The artists’ work is inspired by their experiences that expose the inequalities and stereotypes of race, gender, and sexuality; issues that have all plagued the island for centuries.

In one piece titled Madame Beauvoir’s Painting, the artist Fabiola Jean-Louis highlights the strength and fortitude of women, while providing subtle commentary on the spectrum of the Black identity.  Madame Beauvoir’s Painting is inspired by 18th-century French portraits of elite, white women. However, instead of a white woman pictured in the ornate dress, Jean-Louis inserts Madame Beauvoir – a black woman.

“This piece is really about ownership,” Jean-Louis said. “Madame Beauvoir is not a victim of the past. She’s a reminder of the past and how the African experience is nonlinear, and that even in 2018, we’re still dealing with things that have to do with our past and that we need to face it.”

In the piece, Madame Beauvoir is pictured looking at the iconic and troubling image of “A Slave named Gordon” that depicts a runaway slave from 1863 with gruesome scars on his back as a result of repeated whippings.

“It’s not a painting of a person who’s a victim,” she said. “She’s the owner of a piece and she’s standing in her glory while telling the viewer she belongs where she is and to remember who she is.”

For 24-year-old Haitian American Ritza Francois, the exhibit was “very powerful and very genuine.”

“I feel very empowered,” she said. “It feels very comforting. I definitely can relate to many of the images and especially the ones that display colonialism, racism and the dynamics between Haiti and the DR. I felt like many of the pieces were well informed, well researched but also well thought out.”

The exhibit is organized into four parts.

The first, Revolutions and Unifications: The Contemporary Resonance of 19th Century History, explores how both Dominican and Haitian contemporary artists repurpose images and ideas from the 19th century in order to recover the history of cultural and socio-political exchange during this period, up until the murderous anti-Haitian reign of Dominican Dictator Rafael Trujillo. The 1800s saw moments of unity on Hispaniola, and the embrace of blackness in the Dominican Republic, prior to Trujillo’s tyrannically “whitening” rule.
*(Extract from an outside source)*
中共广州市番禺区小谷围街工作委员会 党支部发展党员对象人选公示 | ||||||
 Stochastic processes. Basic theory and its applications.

Works in this section also look into the religious impositions of colonialism, the sexual economy of slavery, the exploitation of black bodies in the creation of white wealth, and the Dominican Republic’s independence.
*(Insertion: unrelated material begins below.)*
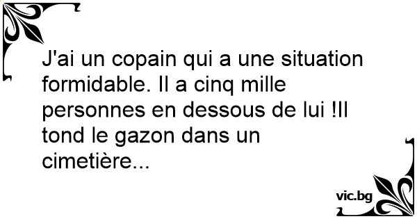 J'ai un copain qui a une situation formidable. Il a cinq mille personnes en dessous de lui !Il tond le gazon dans un cimetière...

The second part of the exhibit, Borders, Fragmentations, and Intertwinings, explores the border itself, a political demarcation that has been both the site of violence and porous exchange between Dominicans and Haitians.

Bodies Transformed, the third section, features works that reject traditional portraiture while representing identity through commonplace objects specific to Hispaniola in order to challenge race-based definitions of identity.

The final section of the exhibition, Memories of a Utopian Island and the Future, is a collaboration between Haitian-American artist Vladimir Cybil Charlier and Dominican-American artist Scherezade Garcia to be presented in BRIC’s Project Room. It features animated videos and an installation, and addresses various contemporary issues related to the diaspora.

Bordering the Imaginary, which is a collaboration between BRIC and Haiti Cultural Exchange, will be on display until April 29.